Workplace injuries can be frustrating for all parties involved, especially when an employer is contesting any aspect of the claim. By federal law, workplace injuries are normally subject to worker’s compensation insurance laws, as each state is required to determine a process for handling claims through a worker’s compensation insurance board. In Tennessee, this is called the Court of Worker’s Compensation. The insurance system is intended to establish a method for employees to maintain a level of income during recovery from the injury, while providing protection for the employer from liability in a standard personal injury lawsuit.
Reporting the Injury
Before a claim is reported to the state, the process begins at the time of the injury with certain responsibilities assigned to both the employer and employee. In addition, the worker’s compensation insurance company also has the right to deny claims and provide legal input regarding the injury and accident scenario. It is clear that the process for collecting on an injury claim is not always simple, as claims are denied regularly.
The Claims Process
Employees are required to report a workplace injury to the employer as soon as possible after the fact, and many times injuries occur as a result of accidents on the job with co-workers who can validate the claim. Filing the accident report is the responsibility of the employer, and many accidents will also generate an investigation into prior events. The injury must render the employee unable to work for a period of seven continuous days, and the time period for medical coverage and insurance income is retroactive to the day of the injury. Injured employees are paid a percentage of their total wages at their rate of pay when the injury occurred.
Contested Claims
Some claims are relatively simple to get started when all parties are in agreement that an injury actually happened on the job, but there are also other times when a workplace injury does not manifest until after scheduled working hours. It is very important for an injured employee to seek medical treatment for a workplace injury as soon as it is realized. The medical report can provide documentation that an injury occurred, as well as provide an official medical opinion on the time span between the injury and the need for medical attention. In addition, worker’s compensation can be collected for repetitive motion injuries as well, but many employers will often attempt to deny these claims.

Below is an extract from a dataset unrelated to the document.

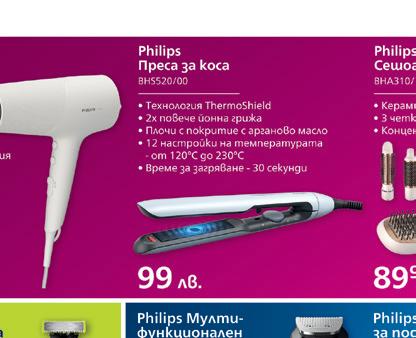 Валидни от 17.03. до 10.04.2023 G A G 43/50*DH55UQ QLED Android TV QLED UHD-4K Tелевизор 43/50*'' (109/127* см) • Резолюция: 3840x2160 UHD-4K • Android • Smart TV • Wi-Fi: Вграден • Цифров тунер: DVB T2/C2/S2 2xHDMI • 1xUSB • Оптичен изход 599.99* 499.99 65PUS8507/12 UHD-4K Tелевизор 65'' (165 см) • Резолюция: 3840x2160 UHD-4K • Wi-Fi: Вграден • Smart TV • Android • HDR 10+ Ambilight 3 Dolby Atmos • Dolby Bass Enhancement • Dolby Vision • HLG • Micro Dimming Perfect P5 Perfect Picture 1599.99 43-FFA-5230 ANDROID SMART Tелевизор 43'' (109 см) Резолюция: 1920X1080 Full HD Цифров тунер: DVB-T/T2/C/MPEG4 Smart TV You Tube Net Flix HDR (HDR10, HLG) DOLBY DIGITAL PLUS (DD+) • Digital Noise Reduction GoogleCast 2xHDMI 1xUSB E A G 399.99 QLED 65OLED707/12 OLED UHD-4K Tелевизор 65'' (165 см) Резолюция: 3840x2160 UHD-4K Wi-Fi: Вграден Smart TV Android HDR 10+ • Ambilight 3 Dolby Atmos Dolby Vision HLG Micro Dimming Perfect P5 AI Perfect Picture • 120 Hz G-sync VRR • Freesync G A G 2849.99 55PUS8007/12 UHD-4K Tелевизор 55'' (139 см) Резолюция: 3840x2160 UHD-4K Wi-Fi: Вграден Smart TV Android Тип процесор: P5 Perfect Picture Dolby Vision Dolby Atmos Clear dialogue • Цифров тунер: DVB T2/C2/S2 3xHDMI • 2xUSB • Micro Dimming Pro 3-странен Ambilight HDR10+1099.99 F A G F A G 55QA4263DG ANDROID SMART QLED UHD-4K Tелевизор 55'' (139 см) Резолюция: 3840x2160 UHD-4K Smart TV Android Wi-Fi: Вграден Quad core процесор • TPQ 2400 Wide Color Gamut Sound by ONKYO Dolby Audio 3xHDMI 2xUSB 699.99 QLED E A G 50UA2D63DG ANDROID SMART UHD-4K Tелевизор 50'' (127 см) Резолюция: 3840x2160 UHD-4K Smart TV • Android • Wi-Fi: Вграден Quad core процесор • Total Picture Quality 2100 DOLBY VISION HDR Sound by ONKYO • Dolby Atmos DTS 3xHDMI 2xUSB HDR TRU Micro Dimming • TRU Flow 629.99 E A G 43QA5D63DG ANDROID SMART QLED UHD-4K Tелевизор 43'' (109 см) • Резолюция: 3840x2160 UHD-4K • Smart TV Android Net Flix 4K • You Tube Wi-Fi: Вграден Quad core процесор • TPQ 2600 DOLBY VISION HDR • Sound by ONKYO Dolby Atmos DTS • 3xHDMI • 2xUSB • Оптичен изход • HDR • TRU Micro Dimming Chromecas build In 599.99 E A G QLED 32WA2B63DG ANDROID SMART Tелевизор 32'' (81 см) Резолюция: 1366x768 HD Ready Цифров тунер: DVB-T/T2/C/MPEG4 Smart TV Android Chromecast NetFlix You Tube • Wi-Fi: Вграден • HDR 2xHDMI • 1xUSB • Dolby Audio • Equalizer 319.99 F A G 2433Т2 Tелевизор 24'' (61 см) • Резолюция: 1366x768 HD Ready • Цифров тунер: DVB-T/T2/C/MPEG4 • USB media player PC • SCART • VGA HDMI PVR функция • Захранване на 12V 179.99 50NV88UWS Tелевизор 50'' (127 см) Резолюция: 3840x2160 UHD-4K Smart TV Wi-Fi: Вграден Цифров тунер: DVB-T/T2/C/MPEG4 2xHDMI • 1xUSB 499.99 F A G F A G CHROMECAST 3 Медия плеър Поддържани формати: AAC, MP3, MP4, WAV, WebM Операционна система: Android Функции: Smart • Full HD Процесор: ARM Cortex-A7 WiFi връзка: 802.11 b/g/n/ac; SDV5200/12 ТВ антена • Вътрешна активна антена • 3G/4G/LTE филтър 74.99 49.99 HD1306B DVB-T/RF ТВ тунер Поддържа новия формат MPEG4 за цифрова ефирна телевизия в България Мултимедиен плеър – разглеждане на снимки, възпроизвеждане на музикални файлове и филми със субтитри на български език • PVR функция Електронен телевизионен справочник (EPG) Съвместим с телевизори поддържащи HDMI и RCA (чинчове) Пълнофункционално дистанционно управление 54.99 Diva 1040TS Стойка за телевизор • За екрани: от 10" до 40" • Максимално тегло: 25 кг • Дистанция до стената: 57 мм • Наклон: 2° до +12° • Завъртане: +- 25° 24.99 SQM7442 ТВ стойка Максимално тегло: 45 кг Дистанция до стената: 30 мм За екрани: до 65'' 44.99 118124 ТВ стойка Максимално тегло: 35 кг Дистанция до стената: 90 мм Завъртане/Наклон: до 180° Наклон: до 15° Подходяща за екрани: 32-65” 59.99 11 x 99,99 лв. 11 x 145,45 лв. 8 x 78,74 лв. 5 x 139,99 лв.

Always remember that worker’s compensation insurance claims are denied regularly, and all injured employees have a right to an appeal in the worker’s compensation court. Even when the claim is still denied, there is a potential for a personal injury claim in state court if a worker’s compensation lawyer can demonstrate to the court that the employer or insurance company acted or failed to act in bad faith, or if the employer was not compliant in all workplace safety regulations. Having an experienced worker’s compensation attorney can make a major difference in maximizing an injury claim.